Management believes that the non-IFRS measures presented provide useful information by excluding certain items that may not be indicative of Carmanah’s core operating results and that this non-IFRS measure will allow for a better evaluation of the operating performance of the Company’s business and facilitate meaningful comparison of results in the current period to those in prior periods as well as future periods. Reference to this non-IFRS measure should not be considered as a substitute for results that are presented in a manner consistent with IFRS. This non-IFRS measure is provided to enhance investors’ overall understanding of Carmanah’s current financial performance.

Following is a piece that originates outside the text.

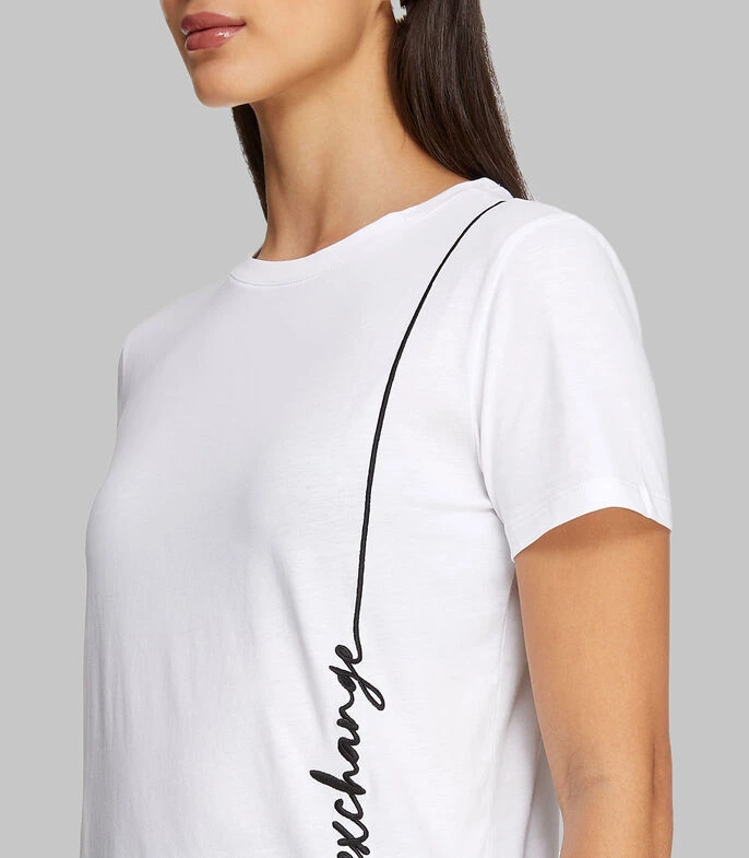 Playera Armani Exchange de corte recto en tejido de punto, cuello redondo sutilmente acanalado, manga corta y bordado lateral a contraste.

A limitation of utilizing this non-IFRS measure is that the IFRS accounting effects of the non-recurring items do in fact reflect the underlying financial results of Carmanah’s business and these effects should not be ignored in evaluating and analyzing Carmanah’s financial results. Therefore, management believes that Carmanah’s IFRS measures of net loss and the same respective non-IFRS measure should be considered together.  

Non-IFRS measures do not have any standardized meaning prescribed by IFRS and are therefore unlikely to be comparable to similar measures presented by other companies. One such non-IFRS measure used for assessing financial performance is EBITDA, defined as net income before interest, income taxes, amortization, and non-cash stock based compensation.   The other non-IFRS measure used is Adjusted EBITDA, which adjusts EBITDA for unusual or non-operating items such as merger and acquisition costs, restructuring charges, asset write offs, and foreign exchange gains and losses.   

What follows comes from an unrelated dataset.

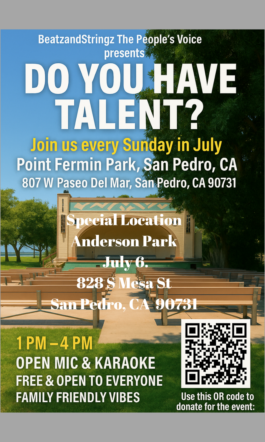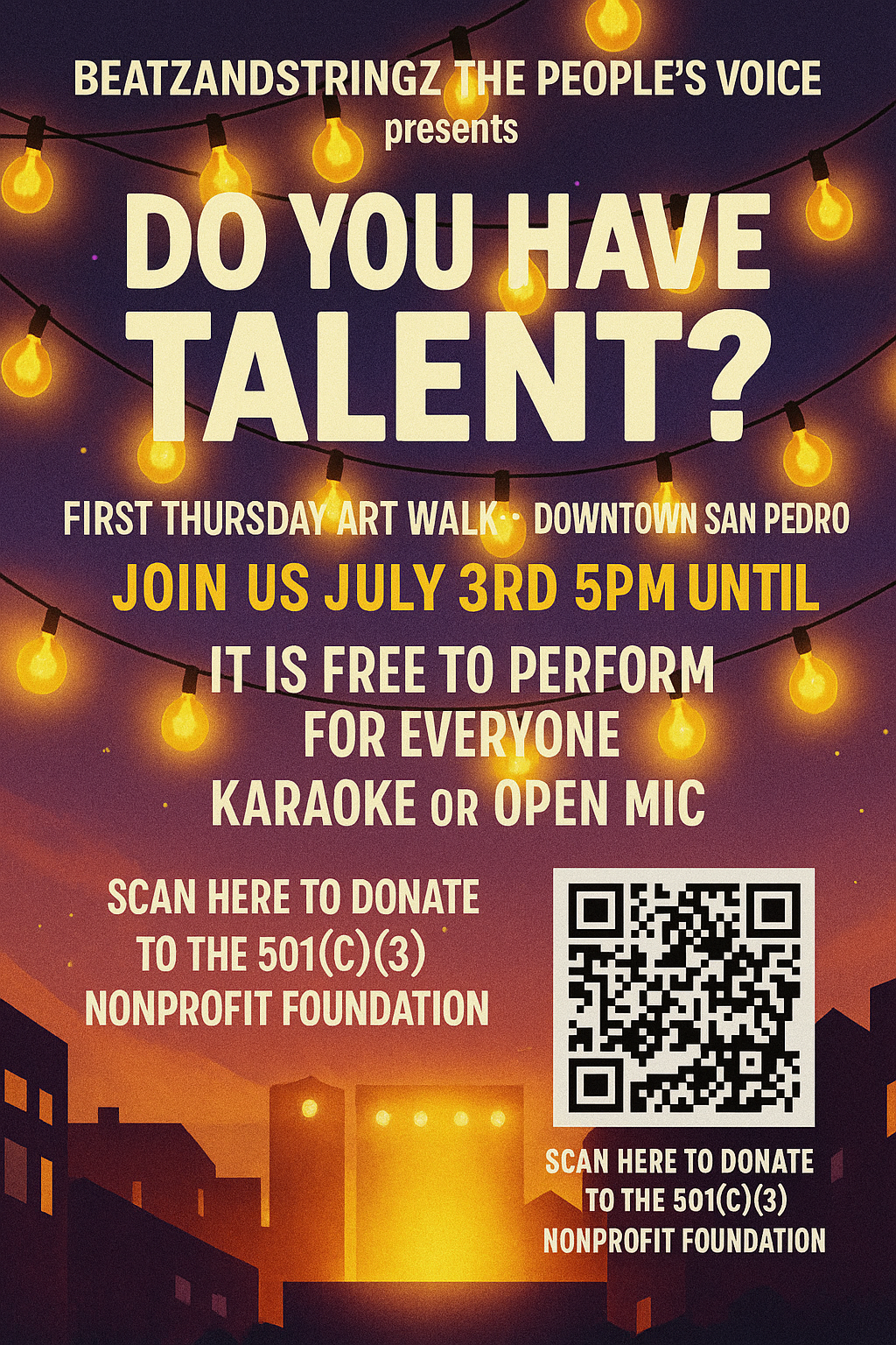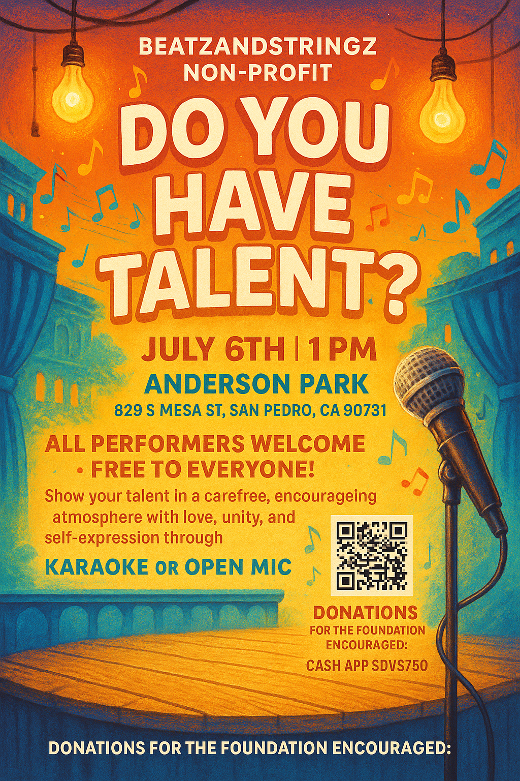 BeatzandStringz offers a stage—literally and figuratively—for individuals of all ages to share their stories, music, poetry, and talent. We never charge the community to participate. Everything we offer is powered by donations, love, and purpose.

About Carmanah Technologies Corporation

Headquartered in Victoria, British Columbia, Carmanah produces a portfolio of products focused on energy optimized LED and solar technologies. We design, develop and distribute energy efficient LED solutions for infrastructure including: signaling systems for the marine aids to navigation, airfield ground lighting, offshore wind marking, aviation obstruction and traffic markets.  Carmanah’s product portfolio also includes industrial and commercial solar powered outdoor LED lighting systems, and solar on and off-grid power generation systems.  Since 1996, we have earned a global reputation for delivering strong and effective products for industrial applications that perform reliably in some of the world’s harshest environments. Our LED and solar power systems provide durable, dependable, efficient and cost-effective solutions which have been deployed in over 400,000 installations in 110 countries. The Carmanah brand portfolio includes Go Power! and recently acquired companies, Sol and Sabik.

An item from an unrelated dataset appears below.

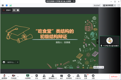 为促进学院内部学术交流,加速经验传递和增进学院教师学术水平,11月23日,外国语学院青年教师博士论坛系列讲座第五讲如期举行。学院新引进教师田良斌博士在线作了题为“‘吃食堂’类结构的初级结构辩证”的学术讲座。百余名校内师生及省内外部分兄弟院校师生参会聆听。讲座由孙海燕教授主持。

Carmanah Technologies Corporation:
Evan Brown, (250) 380-0052
Chief Financial Officer/Corporate Secretary

This release may contain forward-looking statements. Often, but not always, forward-looking statements can be identified by the use of words such as “expects,” “plans,” “estimates,” “intends,” “believes,” “could,” “might,” “will” or variations of such words and phrases. Forward-looking statements involve known and unknown risks, uncertainties, and other factors which may cause the actual results, performance, or achievements of Carmanah or Sabik to be materially different from any future results, performance, or achievements expressed or implied by the forward-looking statements. Such factors include, but are not limited to: our ability to become a worldwide leader in the marine aids to navigation industry, the potential growth of the off shore wind safety market or our ability to participate in any growth and other general uncertainties that may impact actual outcomes. These forward-looking statements are based on management’s current expectations and beliefs but given the uncertainties, assumptions and risks, readers are cautioned not to place undue reliance on such forward-looking statements or information. Carmanah disclaims any obligation to update, or to publicly announce, any such statements, events or developments except as required by law.

 For additional information on these risks and uncertainties, see Carmanah’s most recently filed Annual Information Form (AIF) and Annual MD&A, which are available on SEDAR at and on the Company’s website at The risk factors identified in Carmanah’s AIF and MD&A are not intended to represent a complete list of factors that could affect Carmanah.